This seems to be a question of mislead, because I happened to read that book just now. This part of text in the book is a typo! Here is the context:

这似乎是一个误导的问题，因为我刚好刚刚看过那本书。书中这部分文字是错别字！这是上下文：

===================================================================

================================================== ==================

Question: What is the running time of this code?

问题：这段代码的运行时间是多少？

1 public String makeSentence(String[] words) {
2 StringBuffer sentence = new StringBuffer();
3 for (String w : words) sentence.append(w);
4 return sentence.toString();
5 }

Answer: O(n²), where n is the number of letters in sentence. Here's why: each time you append a string to sentence, you create a copy of sentence and run through all the letters in sentence to copy them over. If you have to iterate through up to n characters each time in the loop, and you're looping at least n times, that gives you an O(n²) run time. Ouch! With StringBuffer (or StringBuilder) can help you avoid this problem.

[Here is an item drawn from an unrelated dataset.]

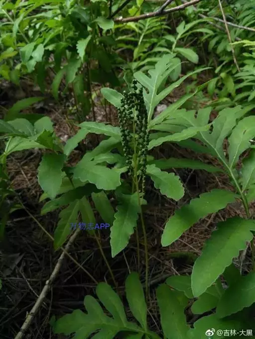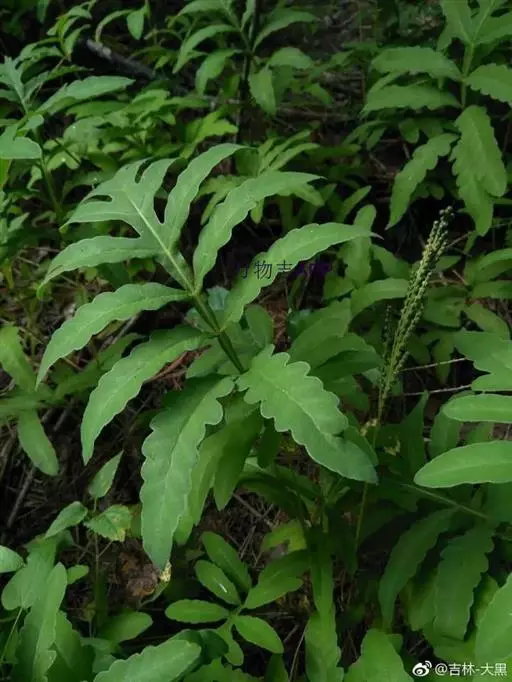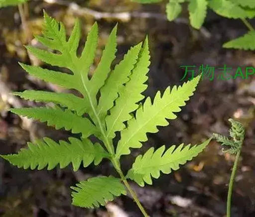 叶疏生,二形:不育叶柄长20-50厘米,基部棕褐色,略呈三角形,向上深禾秆色,圆柱形,粗2-3毫米,上面有浅纵沟,疏被棕色鳞片,叶片阔卵状三角形或阔卵形,长宽相等或长略过于宽,长13-30厘米,宽12-22厘米,先端羽状半裂,向下为一回羽状,羽片5-8对,相距1.5-3厘米,披针形,基部一对或下部1-2对较大,长8-12厘米,宽1.5-3厘米,有短柄,边缘波状浅裂,向上的无柄,基部与叶轴合生,边缘波状或近全缘,叶轴两侧具狭翅,叶脉明显,网状,网眼无内藏小脉,近叶边的小脉分离,叶草质,干后暗绿色或浅棕绿色,幼时略被小鳞片,成长后光滑无毛;能育叶低于不育叶,叶柄长18-45厘米,较不育叶柄粗壮,叶片强度狭缩,长15-25厘米,宽2-4厘米,二回羽状,羽片狭线形,与叶轴成锐角而极斜向上,小羽片紧缩成小球形,包被孢子囊群,彼此分离,排列于羽轴两侧,孢子囊群圆形,着生于由小脉先端形成的囊托上,囊群盖膜质,紧包着孢子囊群。染色体2n=74。

答案：O(n ²)，其中 n 是句子中的字母数。原因如下：每次将字符串附加到句子时，您都会创建一个句子的副本并遍历句子中的所有字母以将它们复制过来。如果您必须在循环中每次最多迭代 n 个字符，并且您至少循环了 n 次，那么您的运行时间为 O(n ²)。哎哟! 使用StringBuffer（或StringBuilder）可以帮助你避免这个问题。

1 public String makeSentence(String[] words) {
2 StringBuffer sentence = new StringBuffer();
3 for (String w : words) sentence.append(w);
4 return sentence.toString();
5 }

=====================================================================

================================================== ====================

Have you noticed that the author messed it up? The O(n²) solution she mentioned (the first one) was exactly the same as the 'optimized' one (the latter). So, my conclusion is that the author was trying to render something else, such as always copying the old sentence to a new buffer when appending every next string, as the example of an O(n²) algorithm. StringBuffer should not be so silly, as the author also mentioned 'With StringBuffer (or StringBuilder) can help you avoid this problem'.

你有没有注意到作者把它搞砸了？她提到的 O(n ²) 解决方案（第一个）与“优化”的解决方案（后者）完全相同。所以，我的结论是作者试图呈现其他东西，例如在附加每个下一个字符串时总是将旧句子复制到新缓冲区，作为 O(n ²) 算法的示例。StringBuffer 不应该这么傻，因为作者还提到'With StringBuffer（或StringBuilder）可以帮助你避免这个问题'。

It's a bit difficult to answer a question about the complexity of this code when it is written at a high level which abstracts away the details of the implementation. The Java documentationdoesn't seem to give any guarantees in terms of the complexity of the appendfunction. As others have pointed out, the StringBufferclass can (and should) be written so that the complexity of appending strings does not depend on the current length of the string held in StringBuffer.

当在抽象了实现细节的高层编写时，回答有关此代码复杂性的问题有点困难。在Java文档似乎并没有给予任何保证在中的复杂性方面append的功能。正如其他人指出的那样，StringBuffer可以（并且应该）编写该类，以便附加字符串的复杂性不依赖于StringBuffer.

However, I suspect it is not that helpful to the person asking this question to simply say "your book is wrong!" - instead, let us see what assumptions are being made and make clear what the author was trying to say.

然而，我怀疑问这个问题的人简单地说“你的书是错的！”并没有多大帮助。- 相反，让我们看看正在做出哪些假设并弄清楚作者想说什么。

You can make the following assumptions:

您可以做出以下假设：

1. Creating a new StringBufferis O(1)
2. Getting the next string win wordsis O(1)
3. Returning sentence.toStringis at most O(n).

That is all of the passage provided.